DESCRIPTION OF THE TASK: Every line of the listing below from the one with "Image: The R36MAX" up to and including the one with "Ans: d. The" should be retyped exactly, and nothing else; pictures are not part of the copy.

-- TASK INPUTS follows --

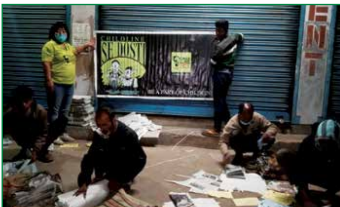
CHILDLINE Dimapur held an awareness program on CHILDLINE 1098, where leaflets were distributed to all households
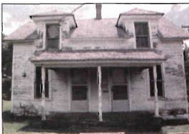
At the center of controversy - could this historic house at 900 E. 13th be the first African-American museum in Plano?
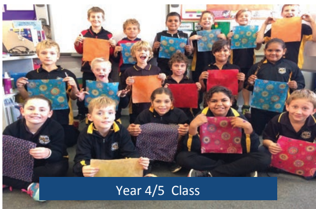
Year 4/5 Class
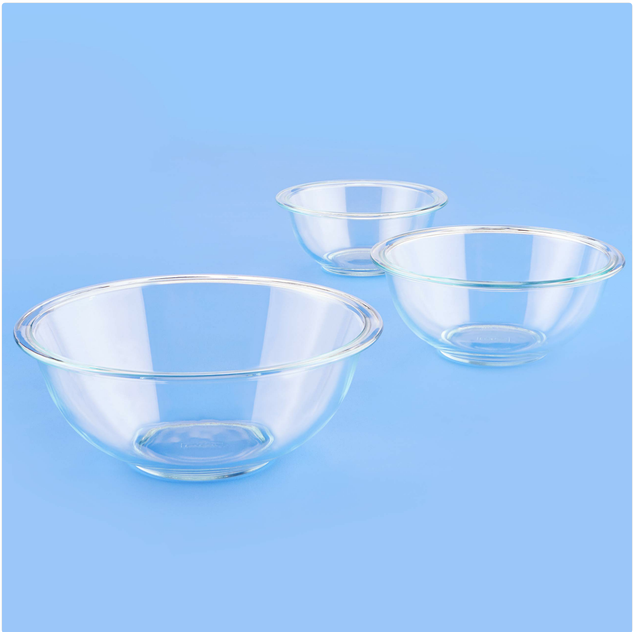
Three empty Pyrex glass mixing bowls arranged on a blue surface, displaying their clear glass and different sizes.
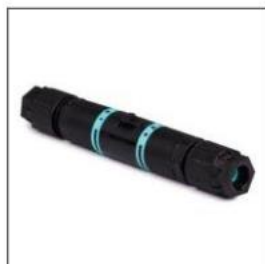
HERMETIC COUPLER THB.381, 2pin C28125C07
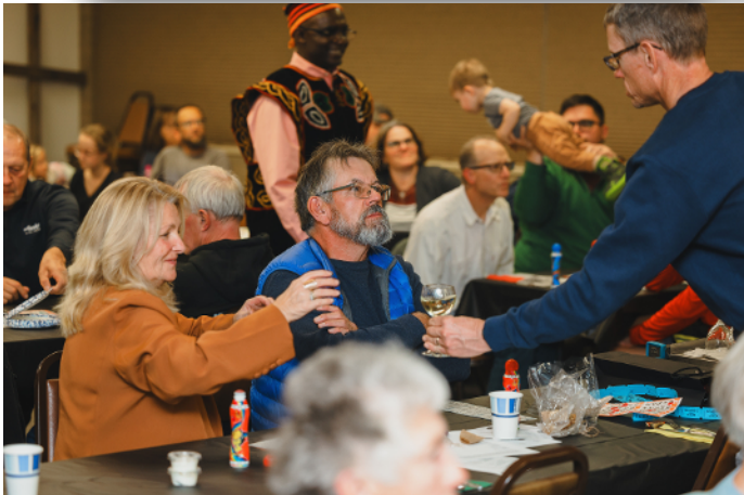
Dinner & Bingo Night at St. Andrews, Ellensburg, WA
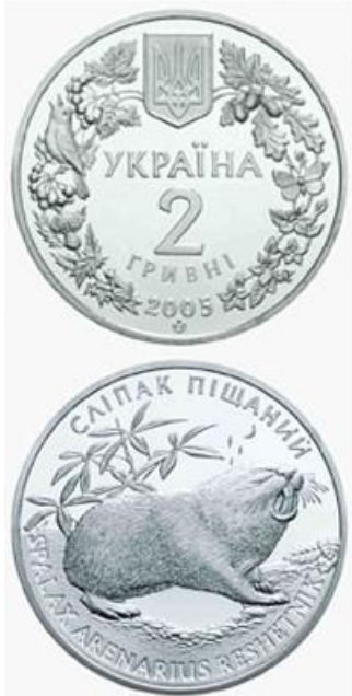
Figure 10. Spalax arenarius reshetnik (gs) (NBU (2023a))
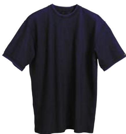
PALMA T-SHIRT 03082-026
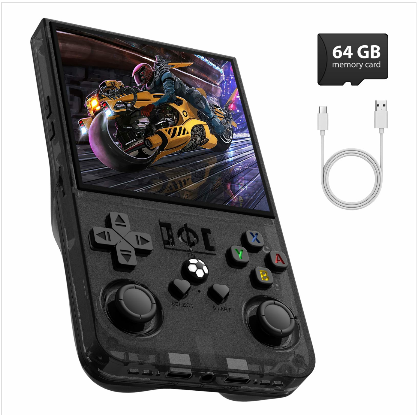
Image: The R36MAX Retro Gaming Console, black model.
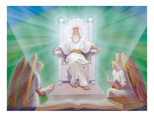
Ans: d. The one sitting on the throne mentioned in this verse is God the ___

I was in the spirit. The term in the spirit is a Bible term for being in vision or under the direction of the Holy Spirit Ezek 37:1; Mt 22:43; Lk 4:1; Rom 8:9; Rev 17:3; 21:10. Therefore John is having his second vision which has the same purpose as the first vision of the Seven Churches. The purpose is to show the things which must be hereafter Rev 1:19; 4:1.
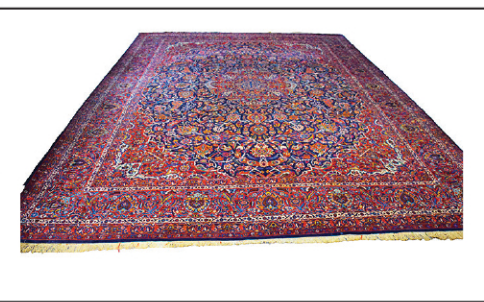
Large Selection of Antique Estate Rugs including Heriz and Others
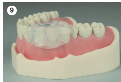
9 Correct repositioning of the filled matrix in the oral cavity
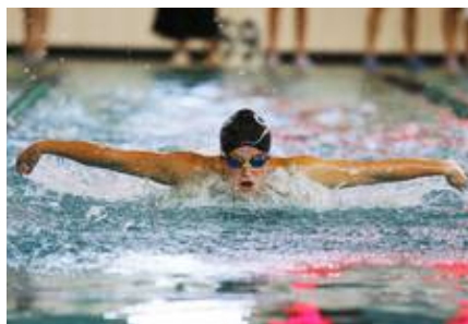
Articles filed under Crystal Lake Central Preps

-- TASK INPUTS concluded --

COMPLETED TASK:
Image: The R36MAX Retro Gaming Console, black model.
Ans: d. The one sitting on the throne mentioned in this verse is God the ___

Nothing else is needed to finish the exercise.